In the past I have become somewhat accustomed to my daughters crankiness and fits of rage. But having a son has shed some light on the different ways in which boys and girls handle that stage of melting down that necessarily happens when the day has gone on too long for them and no one is catering to their every whim. Let me explain…
As we left the store we walked toward our truck as a family. Rebekah and Adriannah decided they were going to race to the truck. Alaynah, being the big girl that she is, took off after them. My son, being the big man that he is, followed suit. Rebekah hit the truck first, not surprisingly, followed by Annah, Alaynah and Aaron. Oh yeah, and Aaron’s scream. See, he had it in his mind that he was supposed to win. And when he didn’t win, he got upset.
If this was one of my daughters I would be able to tell you that she would have probably gotten quiet, maybe telling you that she didn’t want to be your friend or didn’t want to talk to you anymore, maybe cross her arms. Very emotional, very heart felt. My son… well, he went in a different direction.

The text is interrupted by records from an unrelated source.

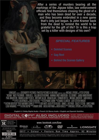 Bodies are turning up around the city, each having met a uniquely gruesome demise. As the investigation proceeds, evidence points to one man: John Kramer. But how can this be? The man known as Jigsaw has been dead for over a decade.
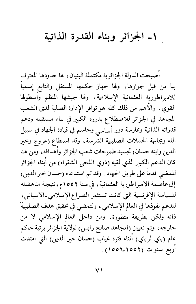أصبحت الدولة الجزائرية مكتملة البنيان، لها حدودها المعترف بها من قبل جوارها، ولها جهاز حكمها المستقل والتابع إسميا للإمبراطررية العثمانية الإسلامية، ولها جيشها المنظم وأسطولها القوي، والأهم من ذلك كله هو توافر الإدارة الصلبة لدى الشعب المجاهد في الجزائر للاضطلاع بدوره الكبير في بناء مستقبله ودعم قدراته الذاتية وممارسة دور أساسي وحاسم في قيادة الجهاد في سبيل الله ومجابهة الحملات الصليبية الشرسة، وقد استطاع (عروج وخير الدين وابنه حسان) تجسيد طموحات شعب الجزائر وأهدافه، ومن هنا كان الدعم الكبير الذي لقيه (ذوي اللحى الشقراء) من أبناء الجزائر للمضي قدما على طريق الجهاد. وقد تم استدعاء (حسان خير الدين) إلى عاصمة الإمبراطورية العثمانية، في سنة 1552م، نتيجة مناهضته للسياسة الإفرنسية التي كانت تستثمر الصراع الإسلامي - الإسباني، لتدعم نفوذها في العالم الإسلامي، ولتمضي في تحقيق هدف الصليبية ذاته ولكن بطريقة متطورة. ومن داخل العالم الإسلامي لا من خارجه، وتم تعيين (المجاهد صالح رايس) لولاية الجزائر برتبة حاكم عام (باي لرباي) أثناء فترة غياب (حسان خير الدين) التي امتدت أربع سنوات (1552 - 1056).
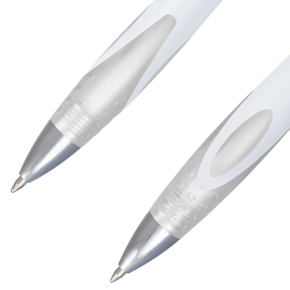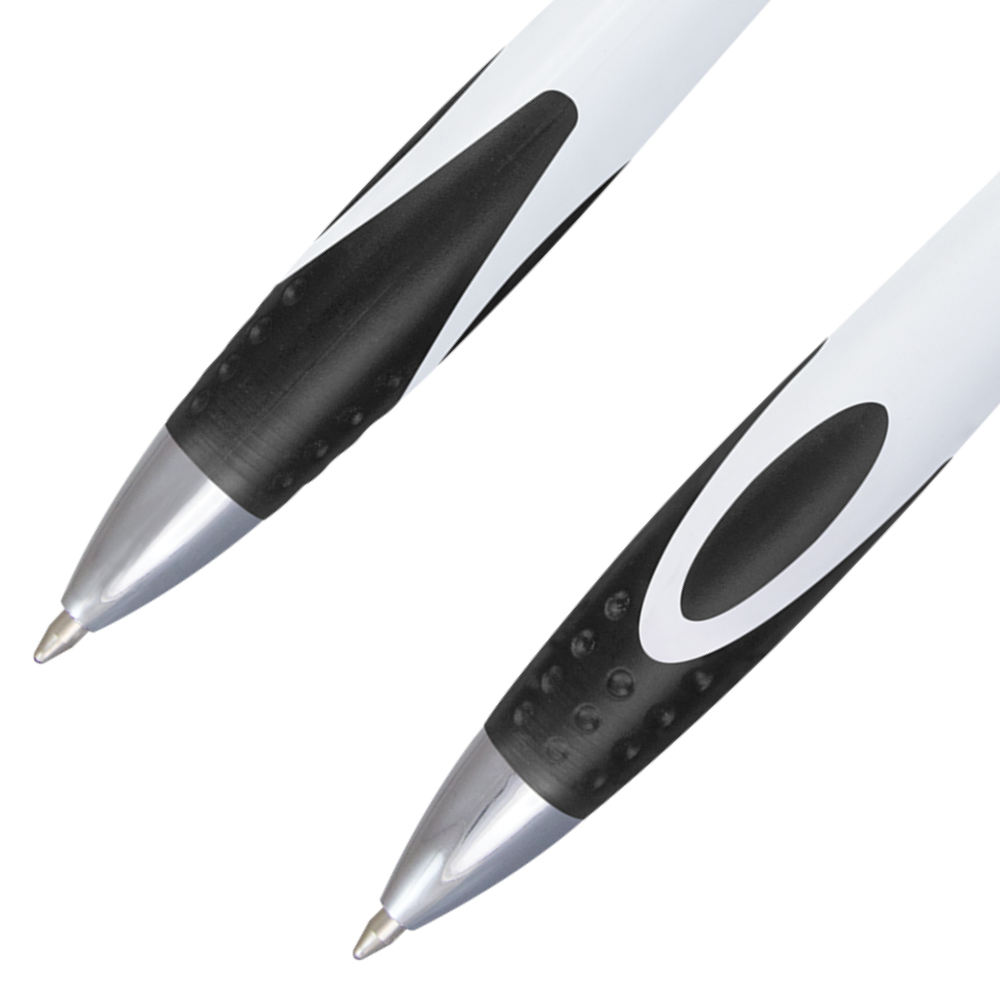 Retractable plastic pen with opaque white barrel and beautiful design of frosted translucent black or white soft-touch grip, shiny silver chrome trim.
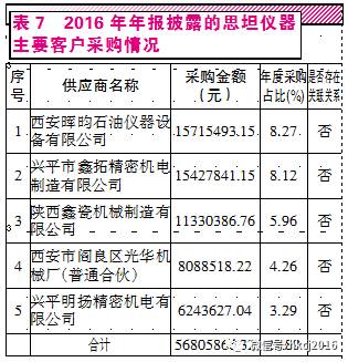 再来看一下2016年度的采购数据,同样也存在类似的问题。根据海默科技发布的收购报告书披露内容,思坦仪器2016年第一大供应商为“西安晖昀石油仪器设备有限公司”,涉及采购金额仅为1020.9万元(见表6),但是思坦仪器在2016年年报中则披露,2016年向该供应商采购了1571.55万元(见表7),两版信息披露相差高达500万元以上。与此同时,针对其他4家主要供应商也均存在金额不等的差异。
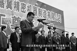 圖為南京嘉翼精密機(jī)器制造有限公司奠基儀式,董事長(zhǎng)李進(jìn)致辭。
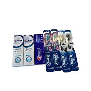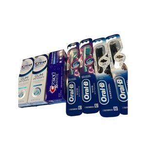 Transform your daily oral care routine with the Crest and Oral-B Oral Care Bundle. This comprehensive set includes three Crest toothpastes and four Oral-B toothbrushes, designed to keep your smile bright and healthy. New with tags, this set is ready
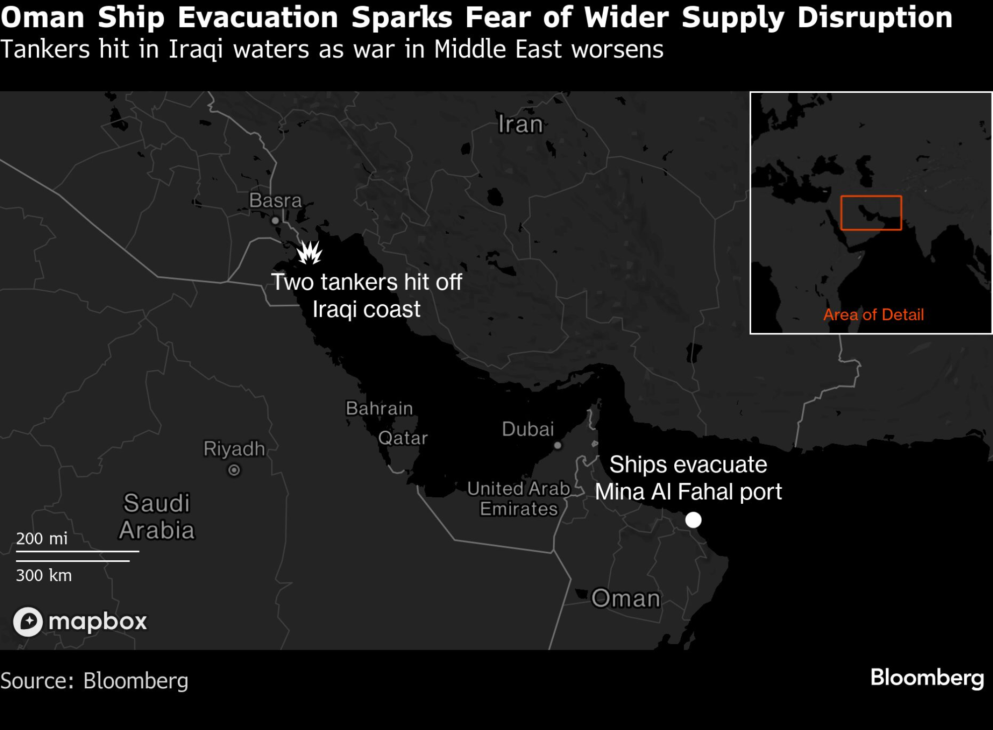 Oman je iz predostrožnosti evakuisao sve brodove iz luke Mina Al Fahal, rekli su izvori upoznati sa situacijom, što je jedna od retkih preostalih luka kroz koje nafta sa Bliskog istoka može da se transportuje na globalna tržišta. Irak je, takođe, obustavio operacije na svojim naftnim terminalima nakon što su brodovi bili meta napada, rekao je za državne medije direktor General Company for Ports Iraq.

After screaming, well yelling really, very loudly, he screamed directly at Alaynah, telling her, in effect, that he wanted to win and the she was supposed to let him win. Then he screamed again. Then he put both hands on the truck as if he was going to push it out of the parking spot it was in. And when it didn’t move, he reached under the rear quarter panel and tried to pick it up and throw it. Yes, my son wanted to pick the truck up and throw it. It was only when he couldn’t get it off the ground that the tears came.
Broken, frustrated and thwarted as a mighty man of truck throwing strength, my son became a little boy once again. And I had no choice but to pick him up, hold him, tell him I love him and then tell him that next time, if he wants to win, he needs to earn it because there is nothing at all the he will ever do in which a win will be given to him. Of course, I told him this in terms a three year old might understand some day. But he had to hear it. More importantly though was that he had to hear that I loved him. Right then, in the middle of his meltdown.
Which takes me to a place where my kids aren’t really all that different. When they are broken, frustrated and thwarted what all they really need is a little love. But then, isn’t that something we all need when we go through all that stuff, too?